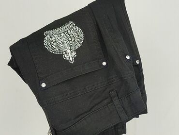 - Ozdoby: metalowe nity z kryształowym połyskiem z przodu; na tylnych kieszeniach duże aplikacje w formie korony wysadzane dżetami
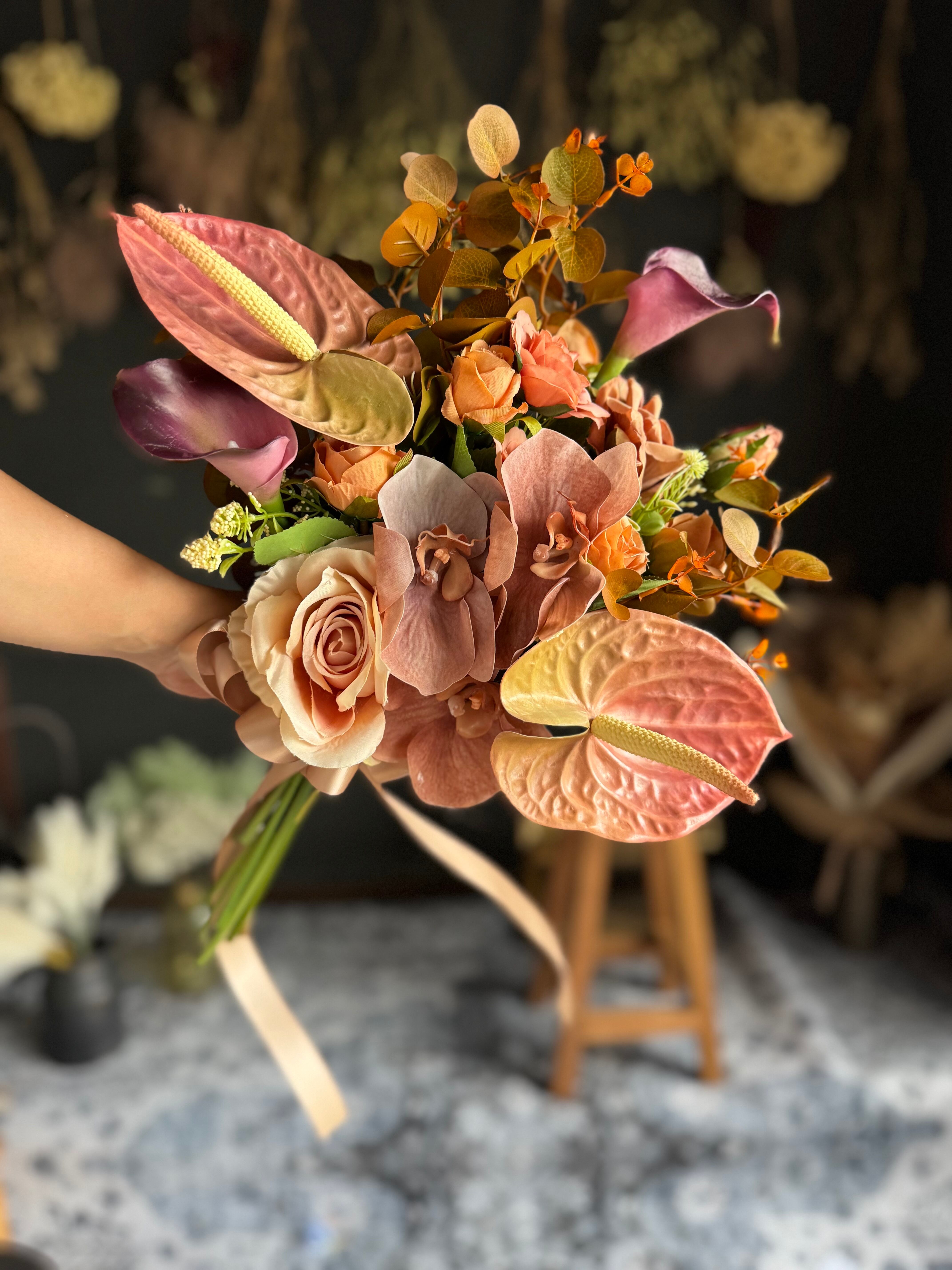 くすみピンクやテラコッタ、バーガンディの色合いが大人の花嫁を引き立てます。
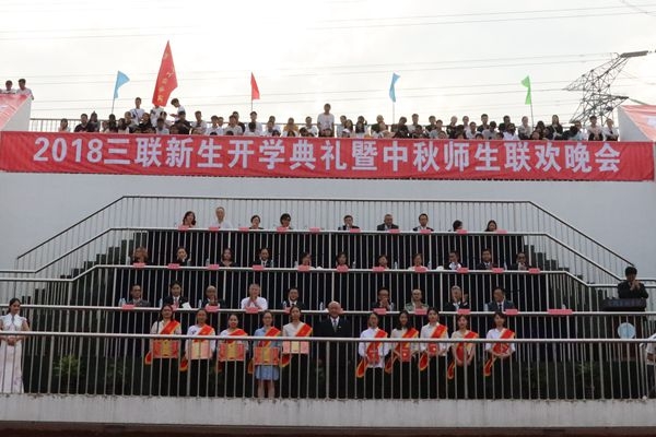 金秋的三联校园,叠翠流金,美丽宜人。9月22日,2018三联新生开学典礼暨中秋师生联欢晚会在安徽三联学院主校区体育场隆重举行。下午16时,第一阶段活动“2018三联新生开学典礼”正式开始,三联集团及安徽三联学院主要领导金会庆、张方振、余皖生、王江波、罗文其、朱熔、潘涛、金磬,三联集团所属兄弟单位有关领导出席典礼,陆军炮兵防空兵学院虞钡铭少校应邀出席典礼,安徽三联学院、安徽红十字会卫生学校、安徽三联汽车学院等在肥校领导、教职工代表及全体2018级新生参加典礼。典礼由安徽三联学院党委副书记鲁先长主持。

════════

TASK INSTRUCTIONS: Give the data again word for word, without images.

EXPECTED OUTPUT:
 - Ozdoby: metalowe nity z kryształowym połyskiem z przodu; na tylnych kieszeniach duże aplikacje w formie korony wysadzane dżetami
 くすみピンクやテラコッタ、バーガンディの色合いが大人の花嫁を引き立てます。
 金秋的三联校园,叠翠流金,美丽宜人。9月22日,2018三联新生开学典礼暨中秋师生联欢晚会在安徽三联学院主校区体育场隆重举行。下午16时,第一阶段活动“2018三联新生开学典礼”正式开始,三联集团及安徽三联学院主要领导金会庆、张方振、余皖生、王江波、罗文其、朱熔、潘涛、金磬,三联集团所属兄弟单位有关领导出席典礼,陆军炮兵防空兵学院虞钡铭少校应邀出席典礼,安徽三联学院、安徽红十字会卫生学校、安徽三联汽车学院等在肥校领导、教职工代表及全体2018级新生参加典礼。典礼由安徽三联学院党委副书记鲁先长主持。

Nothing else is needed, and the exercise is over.